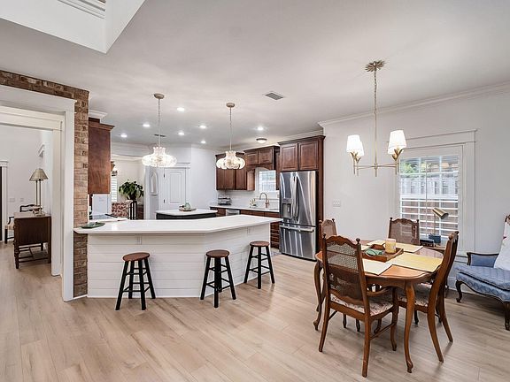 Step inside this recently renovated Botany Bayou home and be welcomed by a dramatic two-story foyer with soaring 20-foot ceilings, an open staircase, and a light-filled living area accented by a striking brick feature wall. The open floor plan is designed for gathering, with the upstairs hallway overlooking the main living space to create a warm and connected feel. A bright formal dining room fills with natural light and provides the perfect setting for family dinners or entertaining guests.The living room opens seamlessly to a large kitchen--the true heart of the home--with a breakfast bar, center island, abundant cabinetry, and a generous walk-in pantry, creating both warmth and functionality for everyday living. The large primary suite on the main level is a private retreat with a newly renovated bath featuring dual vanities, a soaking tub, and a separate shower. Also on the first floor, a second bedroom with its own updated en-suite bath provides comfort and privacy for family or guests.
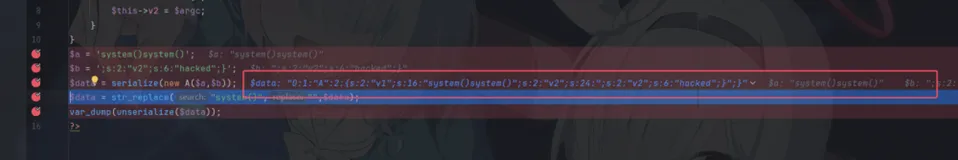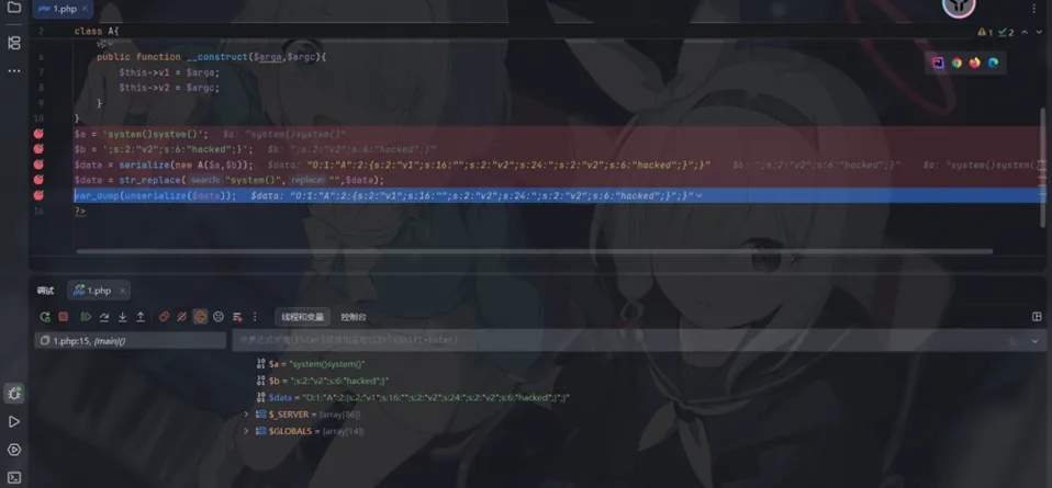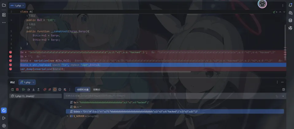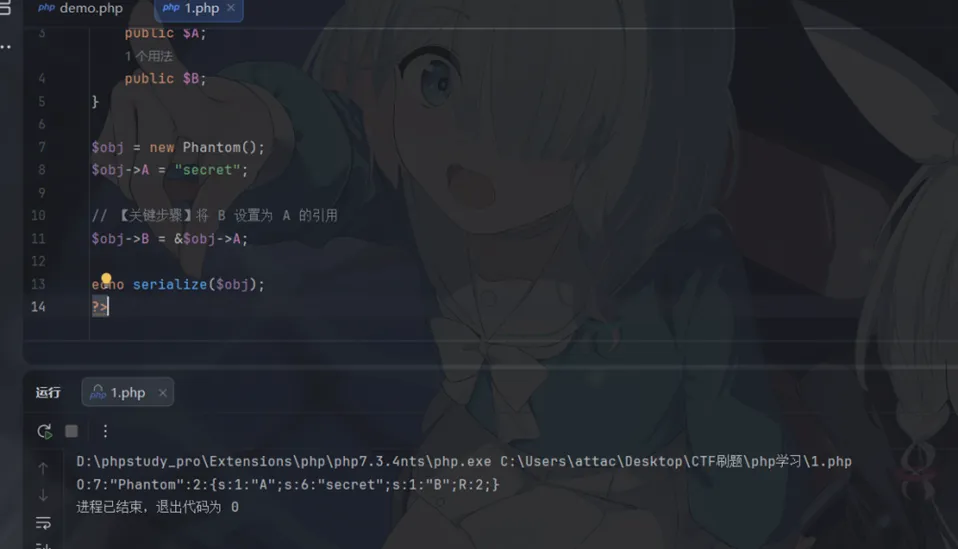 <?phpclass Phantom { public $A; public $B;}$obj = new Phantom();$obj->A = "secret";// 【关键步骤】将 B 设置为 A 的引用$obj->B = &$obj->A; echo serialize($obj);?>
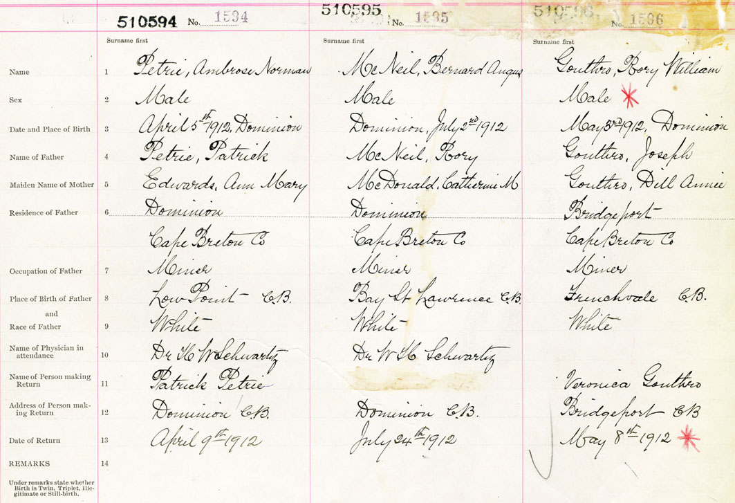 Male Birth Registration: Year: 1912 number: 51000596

- _Exercise directions_: Output the lines above in full and exactly as given, omitting any pictures.

- _Problem solution_:
 Step inside this recently renovated Botany Bayou home and be welcomed by a dramatic two-story foyer with soaring 20-foot ceilings, an open staircase, and a light-filled living area accented by a striking brick feature wall. The open floor plan is designed for gathering, with the upstairs hallway overlooking the main living space to create a warm and connected feel. A bright formal dining room fills with natural light and provides the perfect setting for family dinners or entertaining guests.The living room opens seamlessly to a large kitchen--the true heart of the home--with a breakfast bar, center island, abundant cabinetry, and a generous walk-in pantry, creating both warmth and functionality for everyday living. The large primary suite on the main level is a private retreat with a newly renovated bath featuring dual vanities, a soaking tub, and a separate shower. Also on the first floor, a second bedroom with its own updated en-suite bath provides comfort and privacy for family or guests.
 <?phpclass Phantom { public $A; public $B;}$obj = new Phantom();$obj->A = "secret";// 【关键步骤】将 B 设置为 A 的引用$obj->B = &$obj->A; echo serialize($obj);?>
 Male Birth Registration: Year: 1912 number: 51000596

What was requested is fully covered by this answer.